PROBLEM STATEMENT: Word for word, repeat the lines of the records from the first line up to and including the line that contains "- Ingredients: Fresh", passing over any pictures.

MATERIAL FOR THIS TASK:
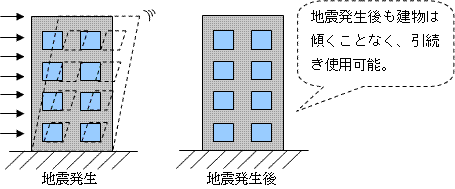 建物の耐用年限中に数度は遭遇する程度の中規模地震に対して、柱・梁等の構造体にほとんど被害が生じないことを目標とする設計です。
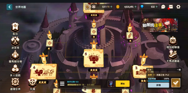 11-通道2到最终 BOSS 暗刀五星77 72之后的觉醒没点,其他队员练度没变
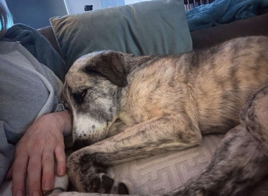 Update vom 27/04: Paulina (ehemals Mika) macht sich richtig toll. Sie kommt inzwischen ganz selbstverständlich aufs Sofa, sucht Nähe zu ihrer Pflegefamilie und freut sich riesig, wenn es zum Spaziergang geht. Draußen zeigt sie immer mehr Lebensfreude und orientiert sich sehr an dem ruhigeren Rüden der Familie, der ihr viel Sicherheit gibt.
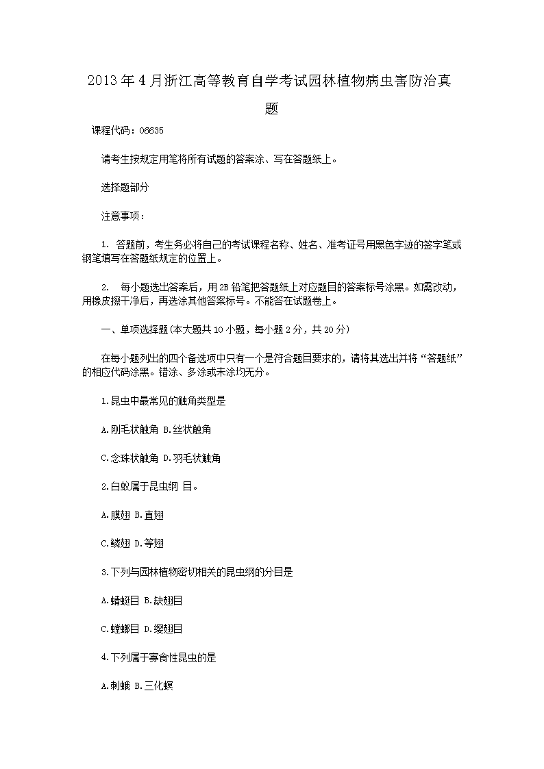 【文档名称】2013年4月浙江高等教育自学考试园林植物病虫害防治真题(Word版)【文档格式】Word版【文档下载】VIP会员文档下载【文档介绍】{{s...
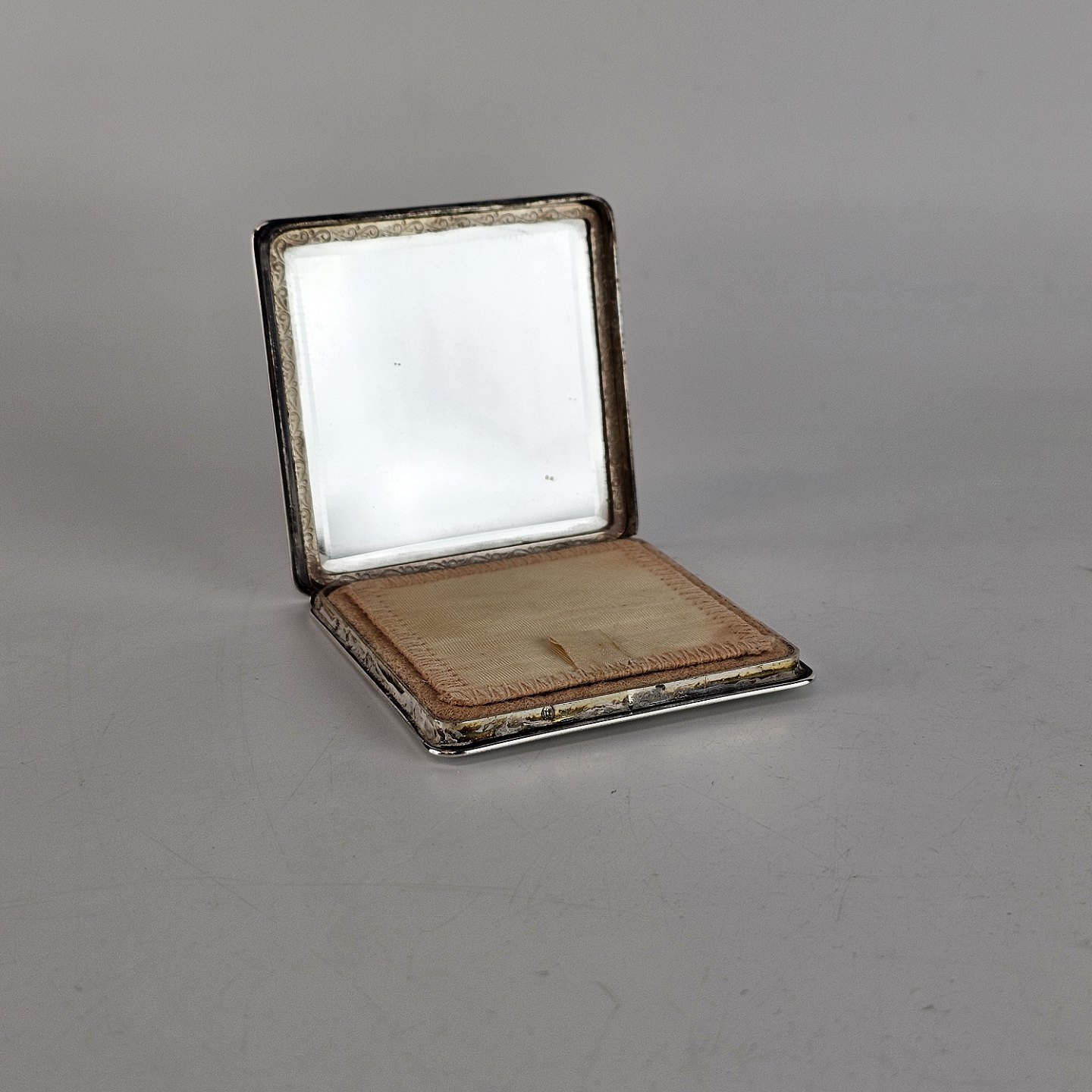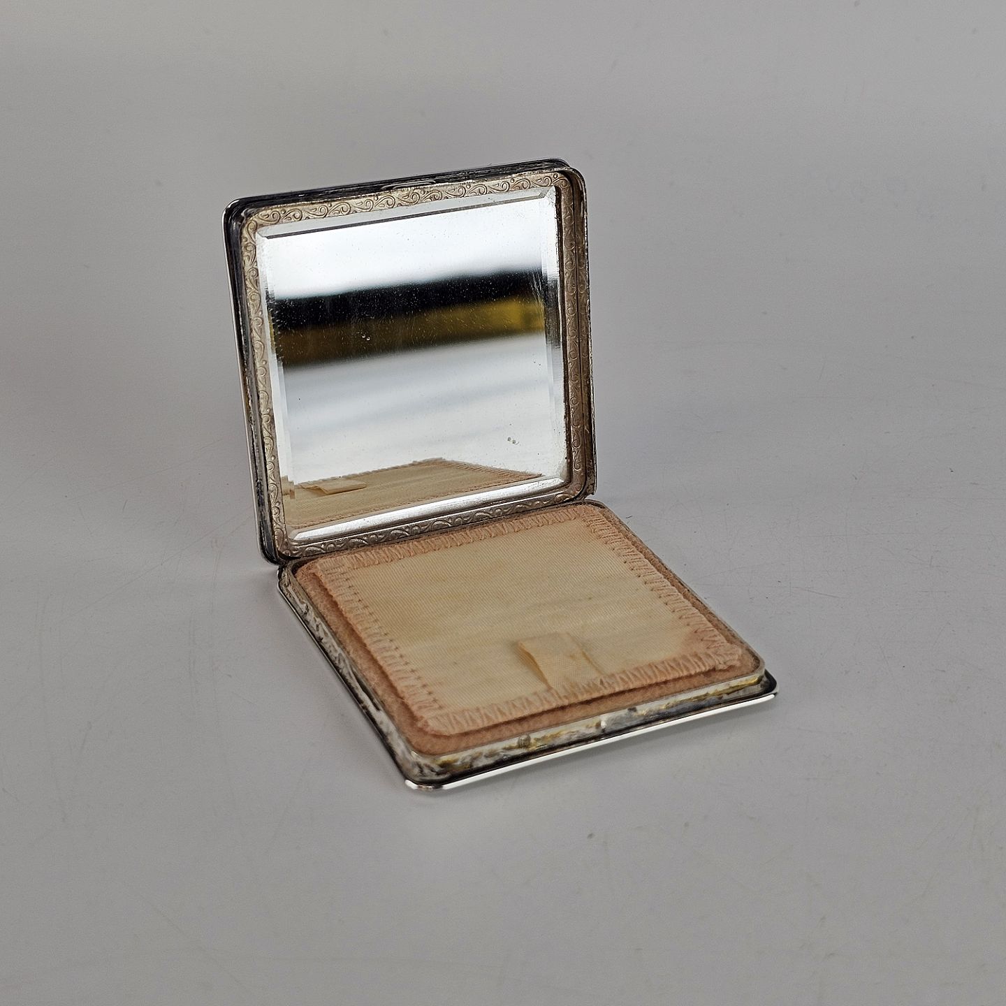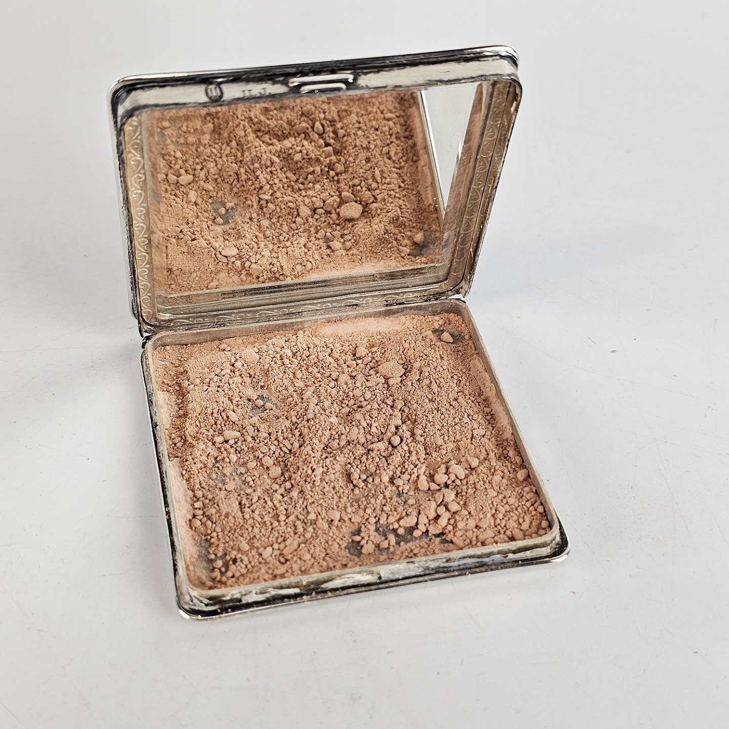 Firkantet pudderdåse i tretårnet sølv.
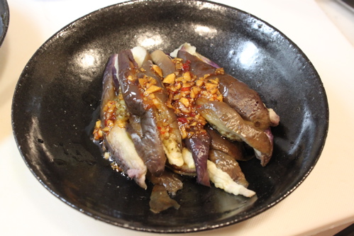 蒸しなすの香味だれ。
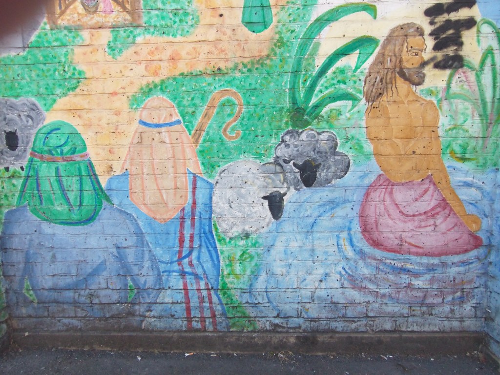 The small plaque visible in the photo above is ‘a gift to those who wait’ from the Church; we’re not sure if it is a reference to the mural itself or maybe also (given the position of the plaque) to a long lost bench. It also looks as though the mural was originally planned to be longer, and run the full length of the building – but the end nearest Tesco has been left as a white undercoat from the beginning (now very much showing the effect of traffic pollution where cars wait for the lights), and could sorely do with a bit more colour and interest.
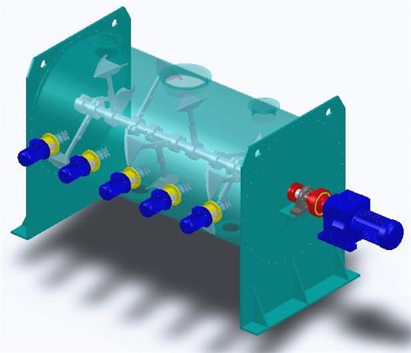 混合機結構主要由傳動部分、臥式筒體、犁刀組軸、飛刀組、出料閥、噴液裝置等組成。
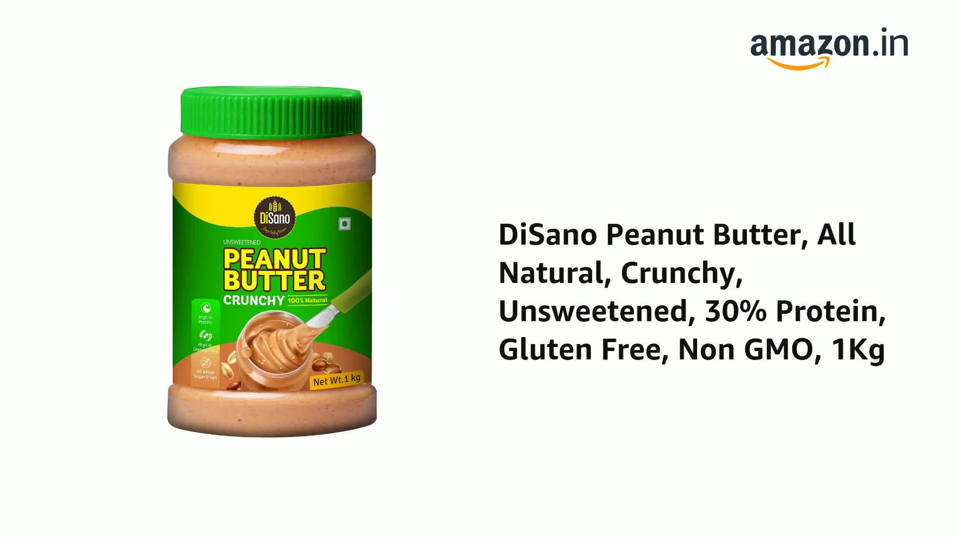 DiSano Peanut Butter, All Natural, Crunchy, Unsweetened, 30% Protein, Gluten Free, Non GMO, 1Kg
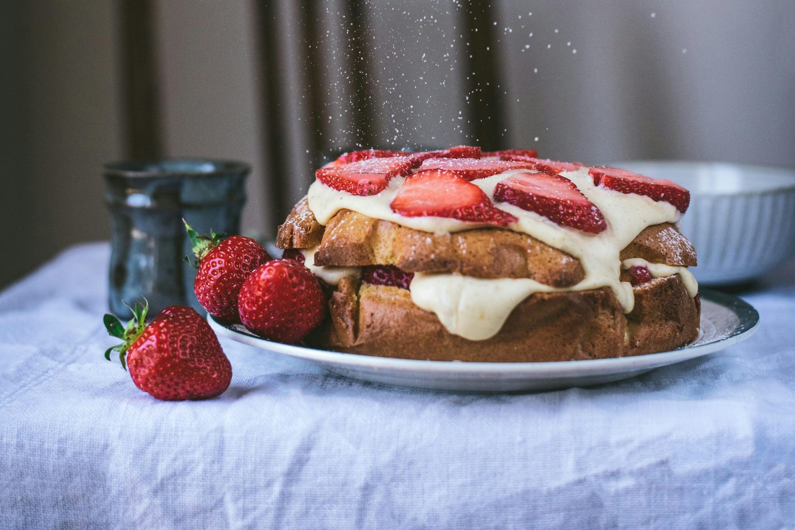 - Ingredients: Fresh strawberries, sugar, all-purpose flour, baking powder, salt, heavy cream, and vanilla extract.
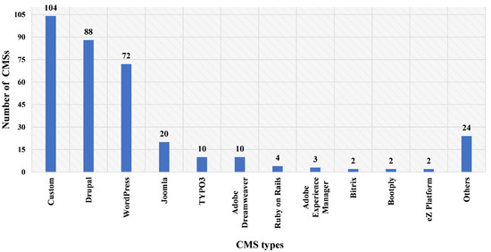 Furthermore, in Figure 2, we present the different CMS types that the 341 websites used. Within Figure 2, the horizontal axis articulates the name of the CMSs. We identified 35 different CMS types. The number in each bar indicates the number of websites that selected a specific CMS type. For example, 104 websites use a custom website development approach, 88 Drupal, 72 WordPress, etc. Lastly, for space-save reasons, in the last bar at the right, we include 24 websites out of 341 that use other CMS types.

REPLY TO THE EXERCISE:
 建物の耐用年限中に数度は遭遇する程度の中規模地震に対して、柱・梁等の構造体にほとんど被害が生じないことを目標とする設計です。
 11-通道2到最终 BOSS 暗刀五星77 72之后的觉醒没点,其他队员练度没变
 Update vom 27/04: Paulina (ehemals Mika) macht sich richtig toll. Sie kommt inzwischen ganz selbstverständlich aufs Sofa, sucht Nähe zu ihrer Pflegefamilie und freut sich riesig, wenn es zum Spaziergang geht. Draußen zeigt sie immer mehr Lebensfreude und orientiert sich sehr an dem ruhigeren Rüden der Familie, der ihr viel Sicherheit gibt.
 【文档名称】2013年4月浙江高等教育自学考试园林植物病虫害防治真题(Word版)【文档格式】Word版【文档下载】VIP会员文档下载【文档介绍】{{s...
 Firkantet pudderdåse i tretårnet sølv.
 蒸しなすの香味だれ。
 The small plaque visible in the photo above is ‘a gift to those who wait’ from the Church; we’re not sure if it is a reference to the mural itself or maybe also (given the position of the plaque) to a long lost bench. It also looks as though the mural was originally planned to be longer, and run the full length of the building – but the end nearest Tesco has been left as a white undercoat from the beginning (now very much showing the effect of traffic pollution where cars wait for the lights), and could sorely do with a bit more colour and interest.
 混合機結構主要由傳動部分、臥式筒體、犁刀組軸、飛刀組、出料閥、噴液裝置等組成。
 DiSano Peanut Butter, All Natural, Crunchy, Unsweetened, 30% Protein, Gluten Free, Non GMO, 1Kg
 - Ingredients: Fresh strawberries, sugar, all-purpose flour, baking powder, salt, heavy cream, and vanilla extract.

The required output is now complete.